With pictures omitted, copy exactly every line from the one that contains "preparado de refeições." to the end of the listing below.
(Exercise data begins)
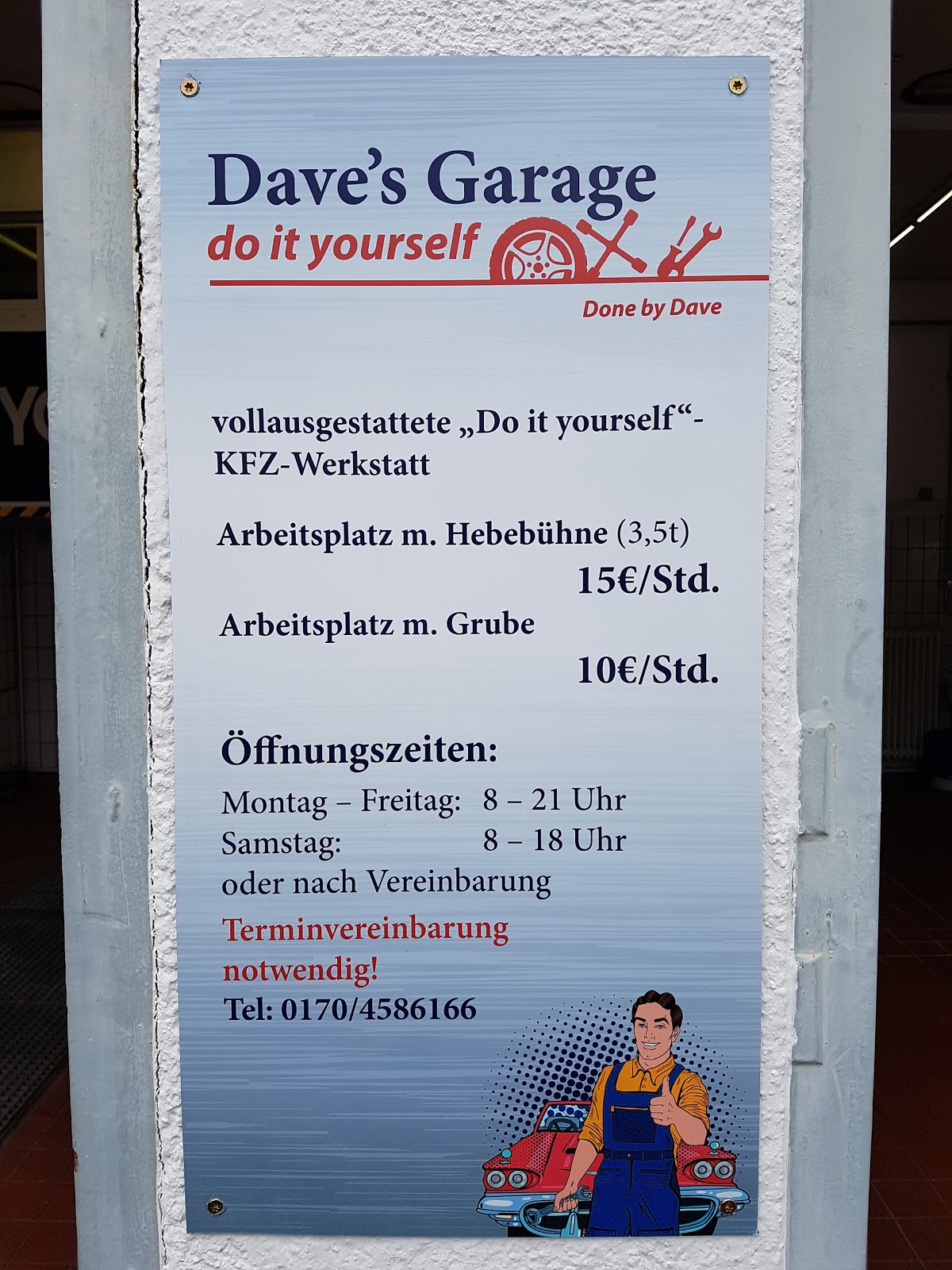 Super "do it yourself" Werkstatt. Termine nur nach telefonischer Vereinbarung. Alles vorhanden was das Schrauberherz braucht.
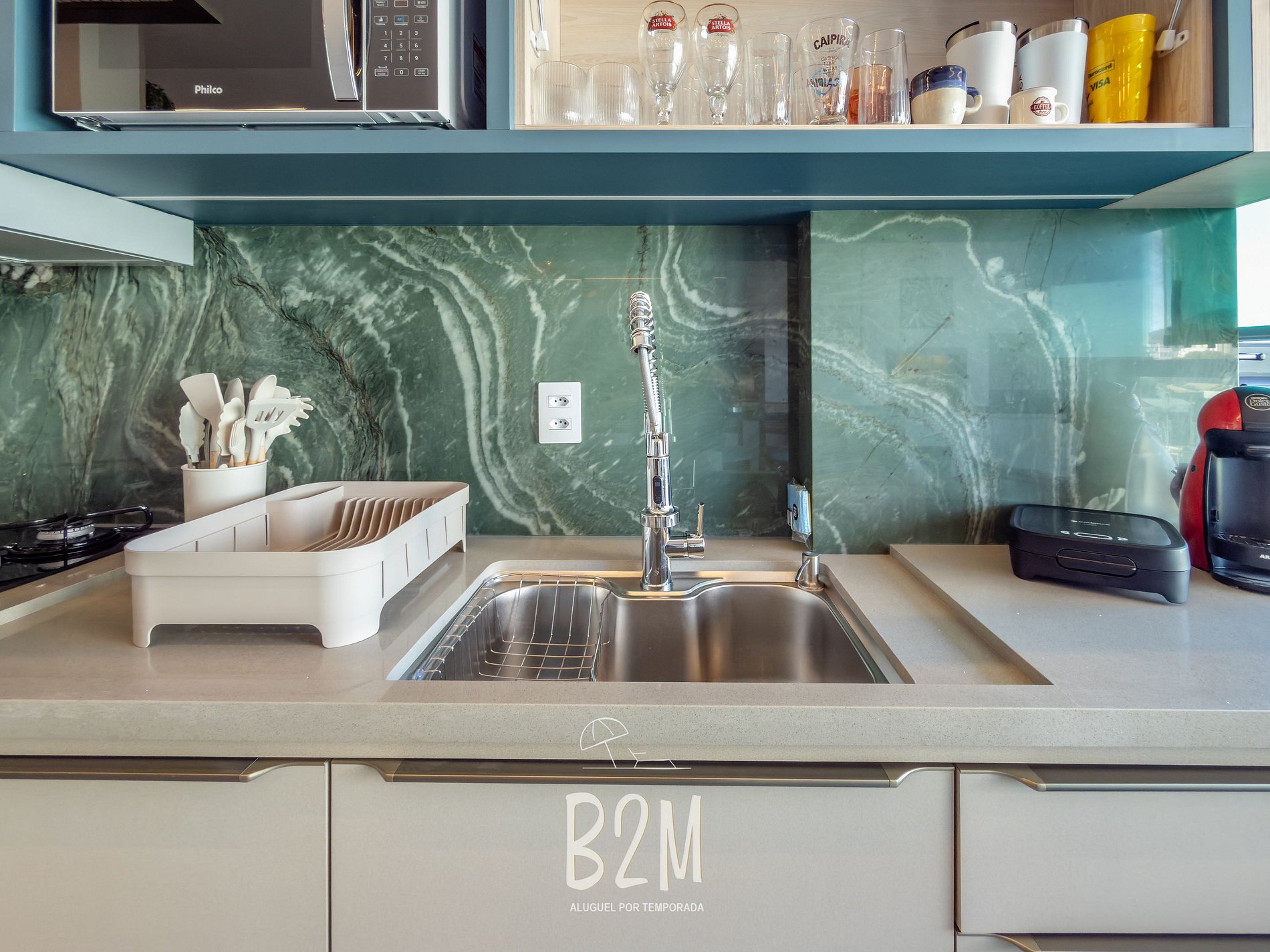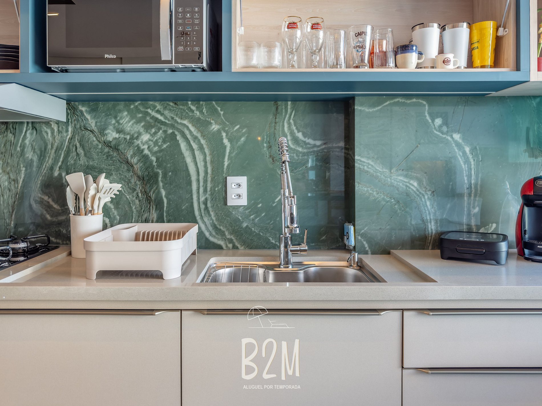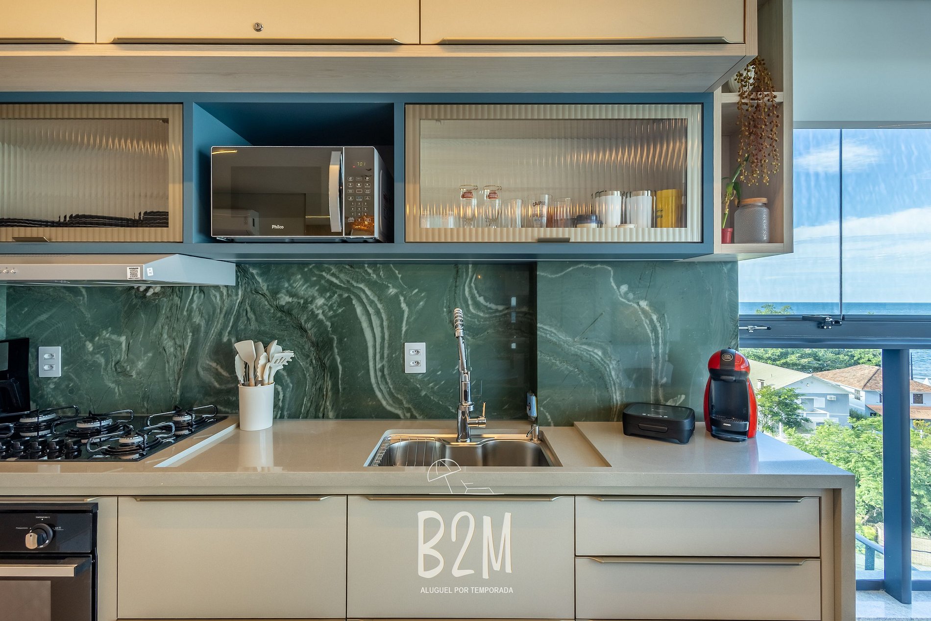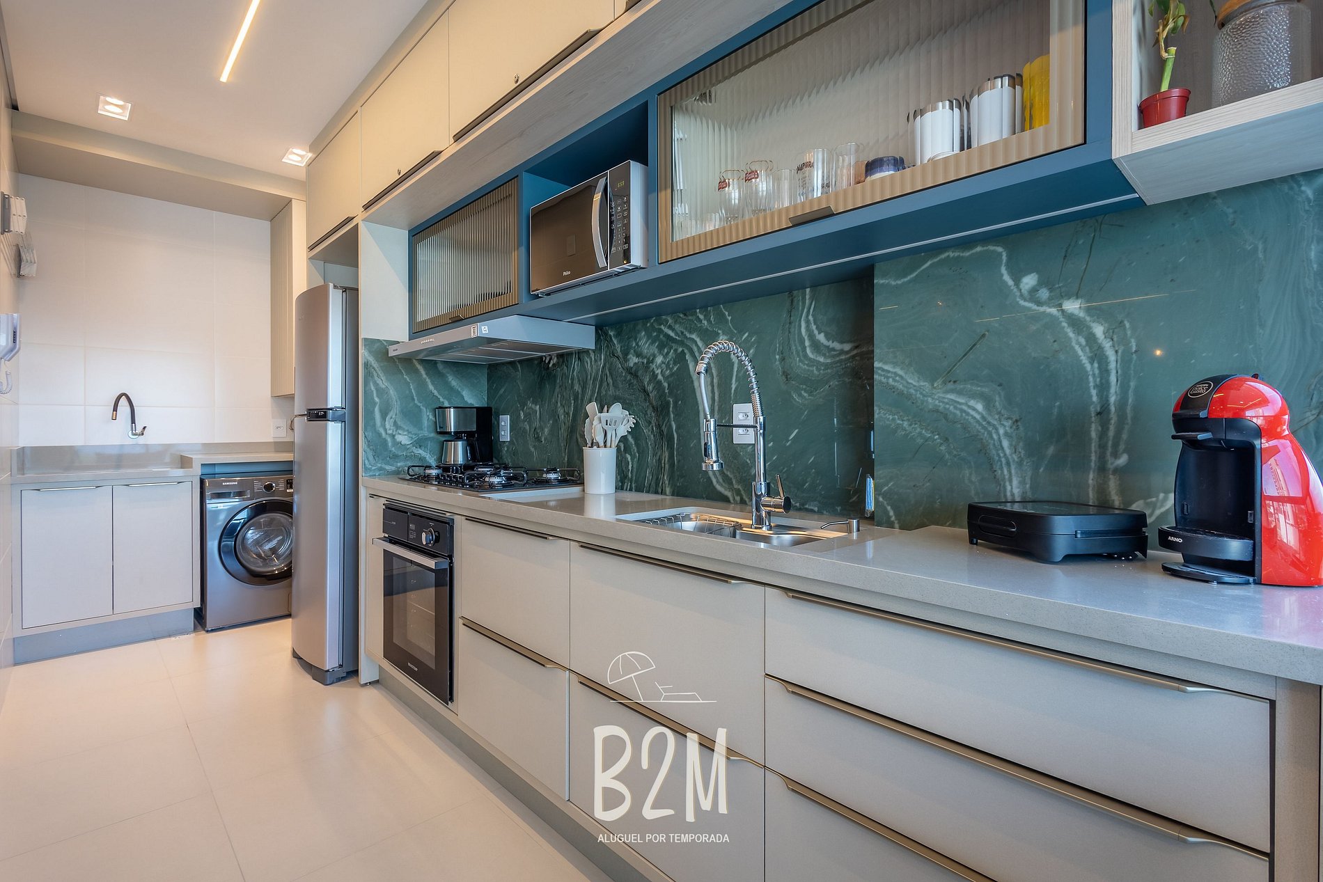 geladeira, microondas, fogão, forno, liquidificador, sanduicheira, cafeteira elétrica, maquina de café expresso, balcão com 3 cadeiras altas, panelas, talheres e utensílios para o preparado de refeições.
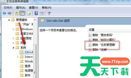 2、依次打开用户设置--管理模板--系统--Ctrl+Alt+Del,双击右侧的“删除‘任务管理器’”打开其属性;
(Exercise data ends)
## Written answer:
 geladeira, microondas, fogão, forno, liquidificador, sanduicheira, cafeteira elétrica, maquina de café expresso, balcão com 3 cadeiras altas, panelas, talheres e utensílios para o preparado de refeições.
 2、依次打开用户设置--管理模板--系统--Ctrl+Alt+Del,双击右侧的“删除‘任务管理器’”打开其属性;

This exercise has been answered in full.